Work task >> Could you print the stretch of lines below from the one with "서울디자인재단은 동대문 밀리오레와" through the one with "- 6pcs/set Chamferring", exactly as they stand and without any pictures?

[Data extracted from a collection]

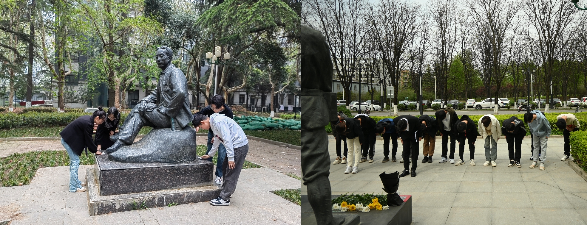 硕士23级、本科22级党员、团员分别在北校区王诤将军雕像以及南校区李白烈士雕像前开展了清明节祭扫及追思活动。
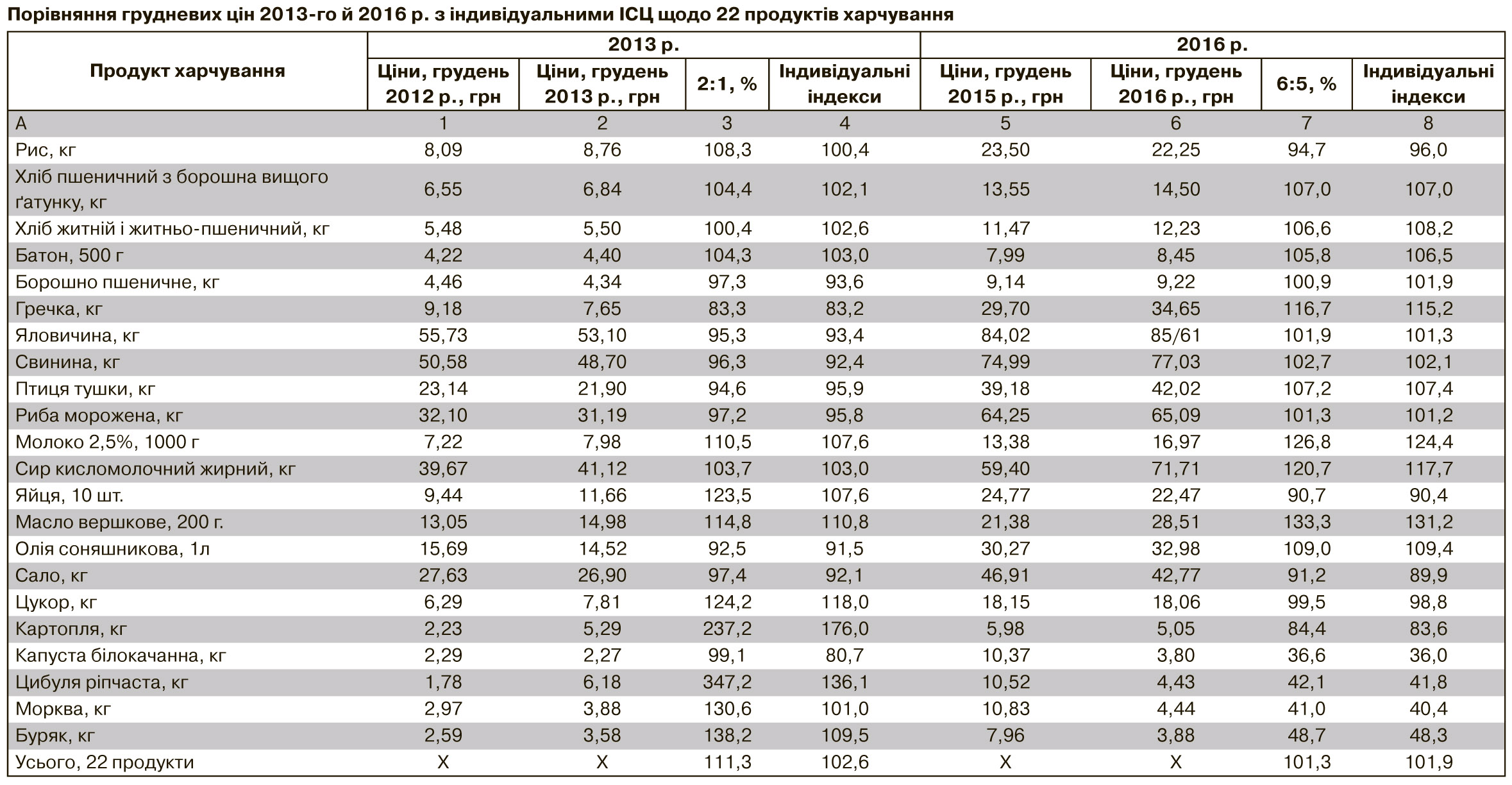 Мабуть, із прийняттям у 2014–2015 рр. змін у методиці розрахунків ІСЦ, особливо відносно визначення індексів по плодоовочевих продуктах, якість наших індексів, їхня вірогідність помітно поліпшилися. Про це, зокрема, можна судити за наведеним в таблиці порівнянням змін цін з індивідуальними індексами за 2013-й і 2016 р. по 22 продтоварах.
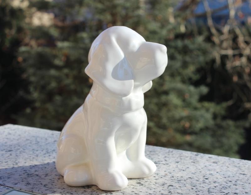 Статуэтка в виде собачки, выполненная из фарфора. Размеры: высота - 16 см., шарина - 10 см., дно - 11х9 см Вес: 270 грамм
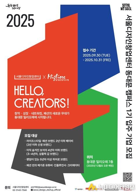 서울디자인재단은 동대문 밀리오레와 손잡고 2025년 12월 개소하는'서울디자인창업센터 동대문캠퍼스' 1기 입주 브랜드를 모집한다고 밝혔다.
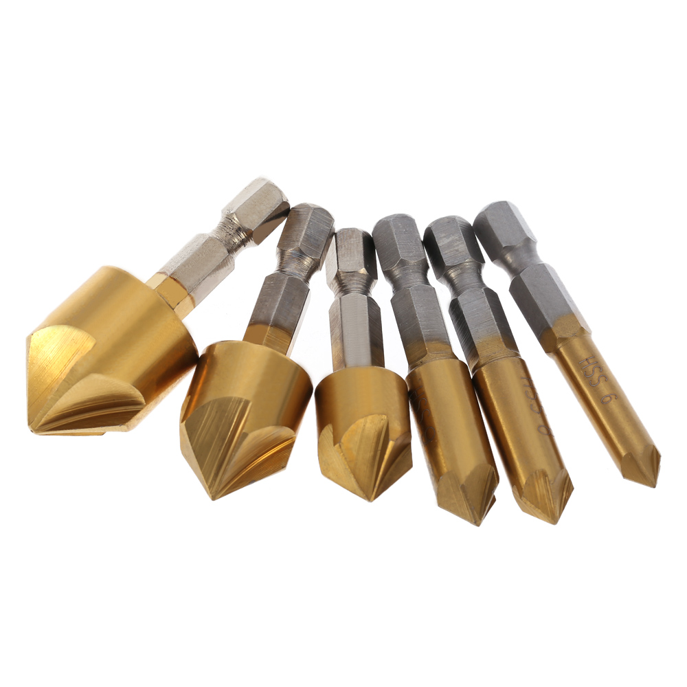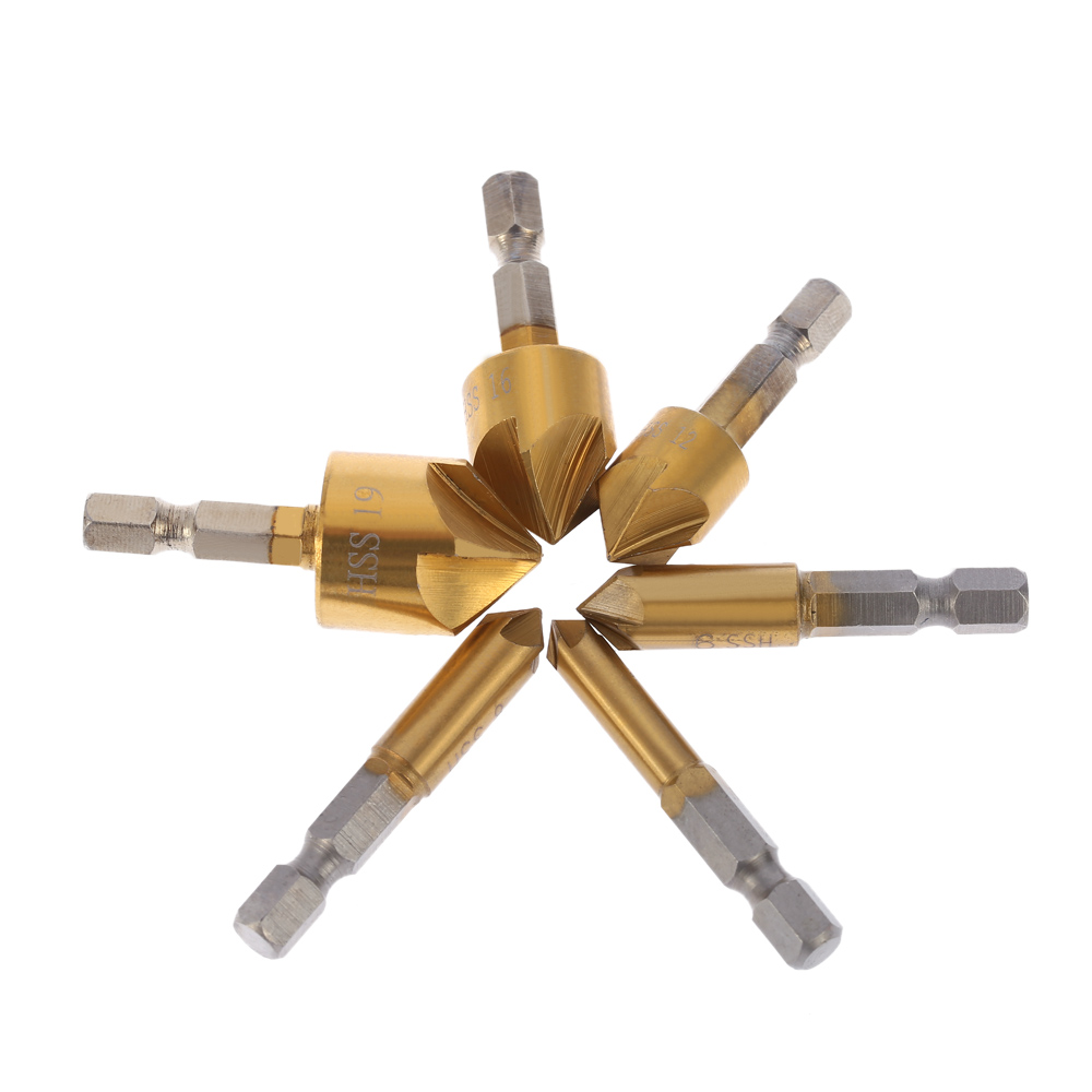 - 6pcs/set Chamferring Tool 1/4 Inch Hexagonal Shank Five Edge Chamfer Countersink Set 90 Degrees Five Blade High Quality Steel
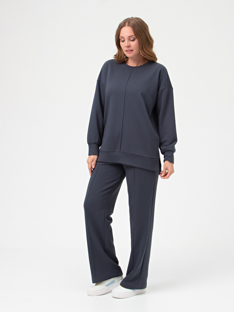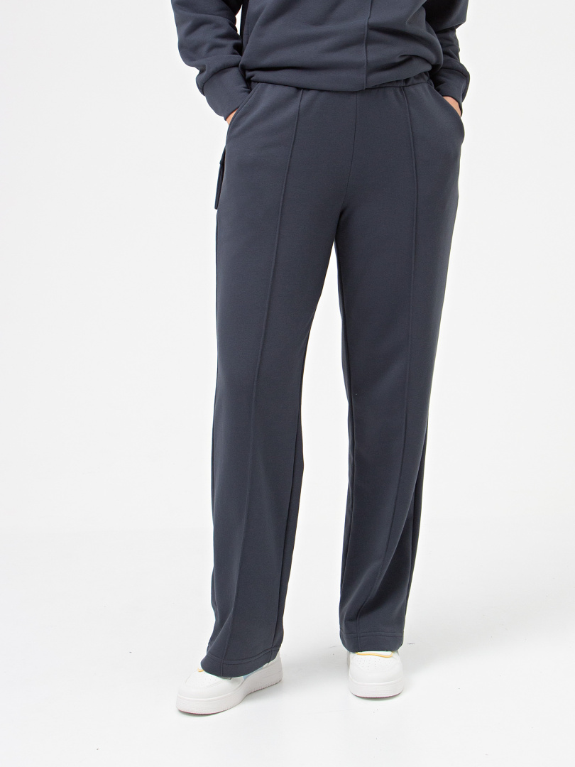 Брюки из плотного мягкого трикотажа. Модель прямого силуэта средней посадки. Притачной пояс с широкой резинкой. На передних половинках застроченные складки и боковые карманы с наклонным входом. Современные стильные брюки на любой случай.
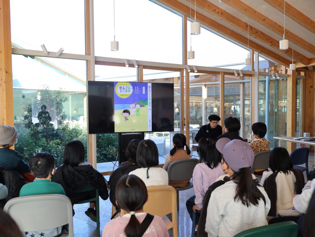 2025年12月7日(日)、高知新聞4コママンガに掲載されているきんこん土佐日記の作者、村岡マサヒロさんによるトーク&おえかきゲームを開催しました。前半は、マンガの制作秘話やマンガ家になろうと思ったエピソードのおはなしをしていただきました。後半は、みんなでおえかきゲームをしてひとつの物語をつくりました。子どもも大人も夢中になって絵を描き、楽しいひとときとなりました!
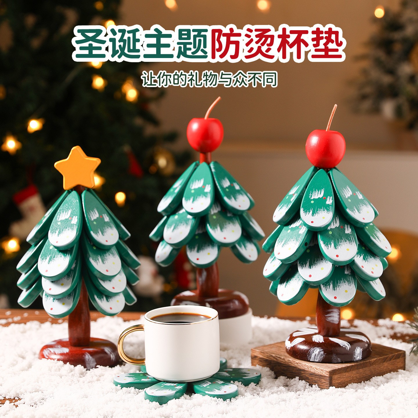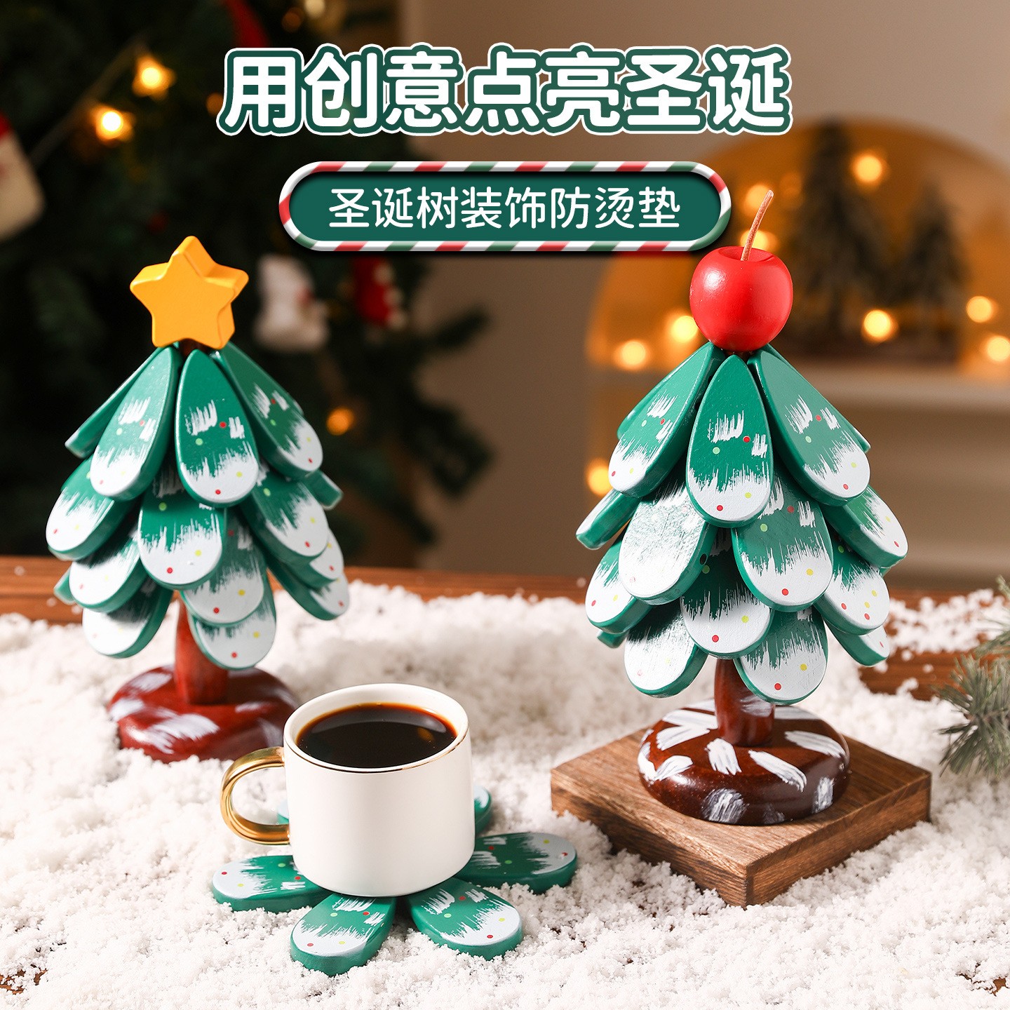 创意高级感实用星星苹果圣诞树复古绿实木隔热垫杯垫防烫餐桌摆件

Exercise output >>
 서울디자인재단은 동대문 밀리오레와 손잡고 2025년 12월 개소하는'서울디자인창업센터 동대문캠퍼스' 1기 입주 브랜드를 모집한다고 밝혔다.
 - 6pcs/set Chamferring Tool 1/4 Inch Hexagonal Shank Five Edge Chamfer Countersink Set 90 Degrees Five Blade High Quality Steel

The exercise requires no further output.